Box 1. Ceramide generation and plasma membrane invagination.

Sphingomyelin is a major sphingolipid of animal cells, present at high concentration in the outer leaflet of the plasma membrane 69. Sphingomyelinase, a sphingomyelin-specific type C phospholipase, cleaves the phosphorylcholine headgroup of sphingomyelin generating ceramide, a small lipid with a less hydrated head group and two long, saturated hydrophobic chains. Ceramide increases the order of acyl chains in lipid bilayers, leading to a tighter packing and self-aggregation process that results in the formation of ceramide-enriched microdomains. The smaller area occupied by ceramide when compared to other membrane lipids can induce outer membrane leaflets to condense and form an inverted nonlamelar phase, a process that can cause membrane invagination (see Figure I). The driving force for invagination may be provided by the area difference between the adjacent monolayers, and by the negative spontaneous curvature of the ceramide-enriched domain. Through this mechanism, growth of the ceramide-enriched microdomain can lead to formation of an enclosed cavity, as demonstrated experimentally in giant liposomes 38. In agreement with this proposed mechanism, the exogenous addition of C6-ceramide or sphingomyelinase to fibroblasts and macrophages results in endocytic vesicle formation 36, 70. Although ceramide has been suggested to have second-messenger roles in cells, it is important to note that it does not transfer spontaneously between lipid bilayers, and has a slow flip-flop rate (estimated as about 22 min – 71). This suggests that ceramide is initially restricted to the bilayer side where it is generated, indicating that it may act primarily through membrane remodeling events such as microdomain formation, membrane vesiculation and vesicular trafficking 43.
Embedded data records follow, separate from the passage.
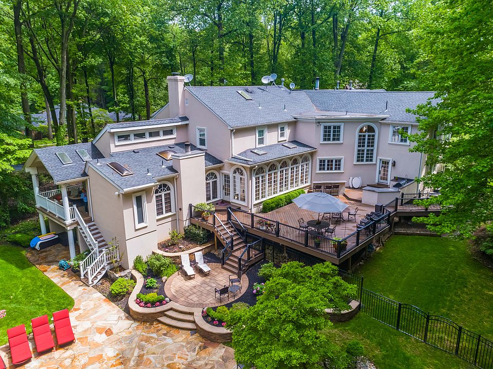 Secluded Elegance...Exquisite 6 bed.8 bath 6,300 sq.ft. Modernized Colonial sits on 1.2 acres of pristine, custom landscaping for those who desire privacy. An entertainer's dream w/unique features both inside & outdoors. Perfect home for a multi-generational family. Luxurious interior incl. Connoisseur's Kitchen, magnificent Great Room w/wood burning stone fireplace & custom built wet bar leading to a serene covered patio overlooking treed background. French Door entry into 2,000 sq ft Master Bedroom Retreat complete w/ sitting room, double sided gas fireplace & office. ''His'' & ''Hers'' master baths. ''Hers'' includes dressing room, walk-in closet & custom bath w/2 person whirlpool, shower & heated floors. ''His'' offers masculine granite bath w/steam shower, wet bar & walk-in closet.
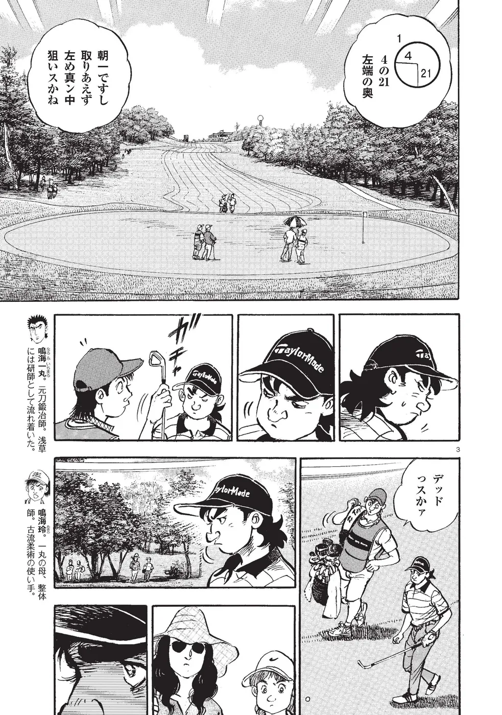 【第82巻あらすじ】KBSオーガスタ2日目、ボギー発進の主人公・一丸だが、キャディを務める母・玲との連係もうまく絡み合い、強風のなか3つスコアを伸ばし辛うじて予選通過する。ラウンド後の練習では、本試合、大注目の元天才テニスプレーヤー・本阿弥尊が接近。一丸の後ろの打席へ強引に割り込み、伝説の「同時打ち」を敢行する。それは4打差で上位をキープする尊にとって、一丸と同組でプレーできないもどかしさを解消するためのものだった。さらに3日目、尊がアマチュア最年少での優勝を宣言したことから、一丸の闘争心に火が付く。攻めのゴルフを展開する一丸にチャンスは巡ってくるのか!?
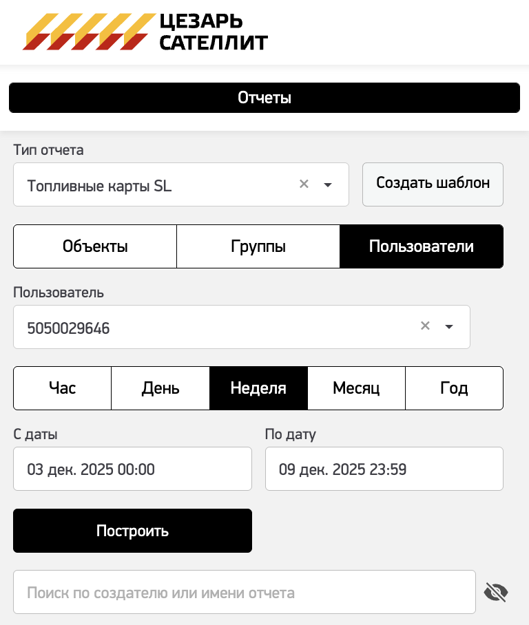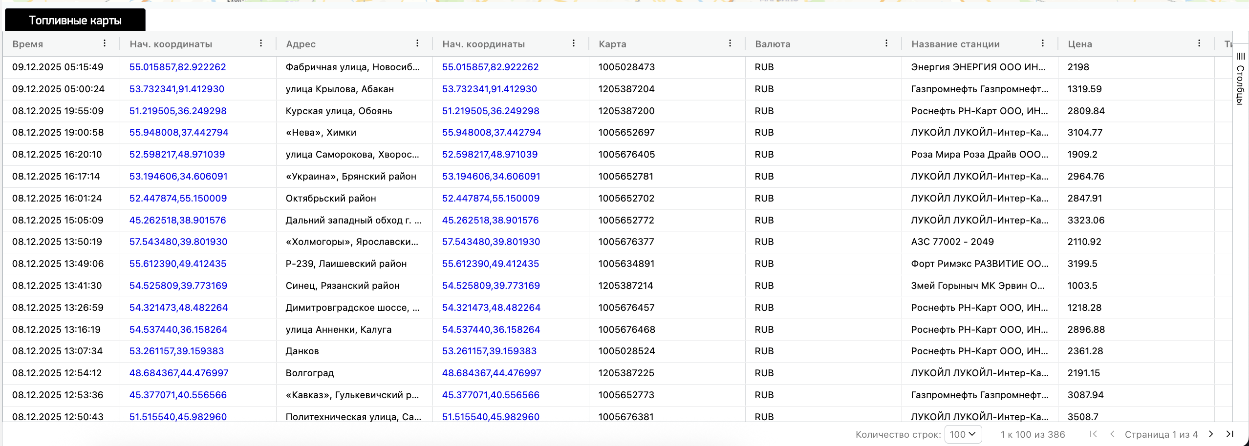 В полученном отчете будут все заправки объектов пользователя по топливным картам.
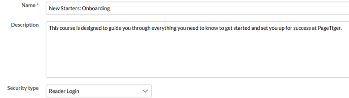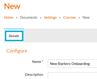 Once selected, you will then see a new screen with a single tab labelled 'Details', where you can begin setting up your course. Here, you can enter a course name and description and apply a security rule. You can also upload an image and banner to make your course on-brand!
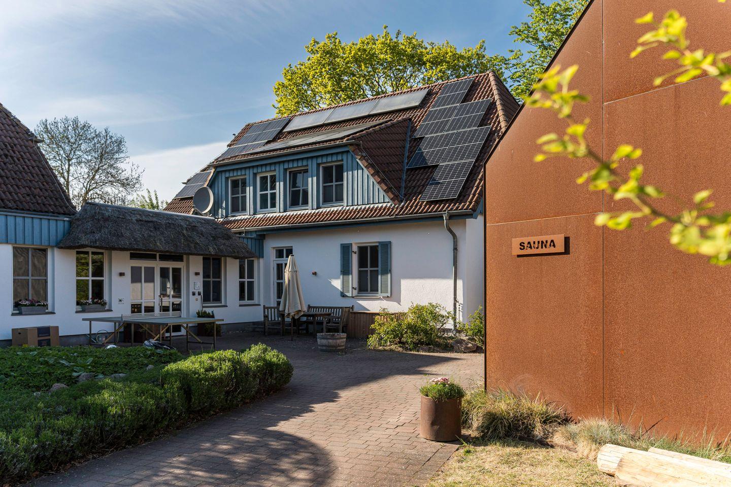Die Ferienwohnung verfügt über ein separates Saunahäuschen, das gemeinschaftlich von allen Wohnungen genutzt wird. Die Nutzung erfolgt nach vorheriger Anmeldung über eine Saunaliste. Weitere Highlights sind eine kostenfreie Wallbox zum Aufladen von E-Autos sowie Ladestationen für E-Bikes.
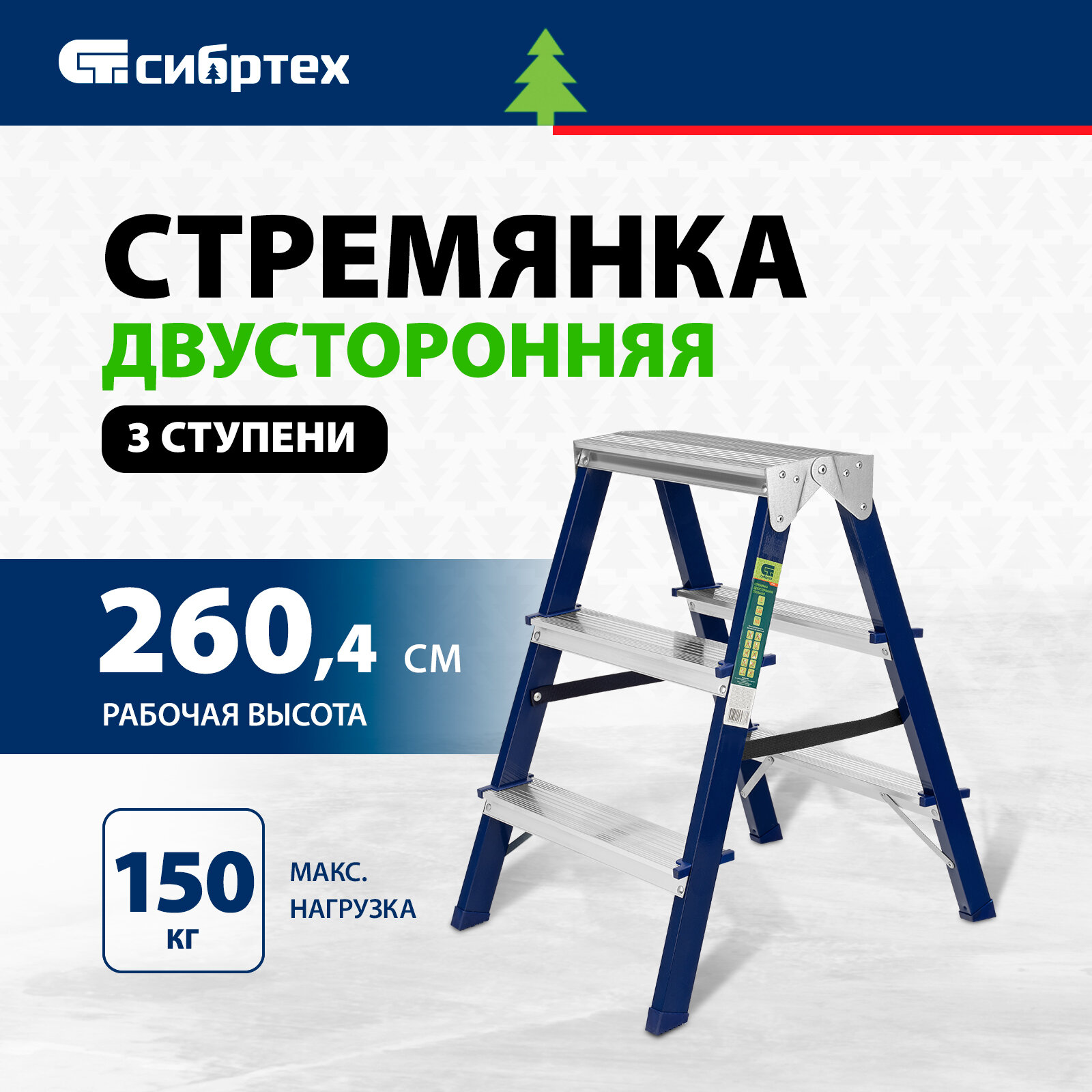 Сибртех Стремянка двусторонняя 3ст., стальная, 97933

Experiments using ASM-deficient cells directly demonstrated the importance of lysosomal ASM for the restoration of plasma membrane integrity. ASM-depleted cells generated by siRNA or derived from Niemann-Pick Type A human patients (Box 2) were deficient in injury-induced endocytosis and in plasma membrane repair. Remarkably, exposure to purified ASM or bacterial sphingomyelinase was sufficient to restore membrane integrity in ASM-depleted cells 9. Exogenous administration of sphingomyelinase promoted plasma membrane repair even in the absence of Ca2+, demonstrating that sphingomyelinase activity can bypass the need for Ca2+-triggered lysosomal exocytosis 47. These findings suggest that the essential contribution of lysosomes to plasma membrane repair is to release ASM, which remodels the cell surface thereby promoting lesion removal.

Box 2. Acid sphingomyelinase and Niemann-Pick A and B disease.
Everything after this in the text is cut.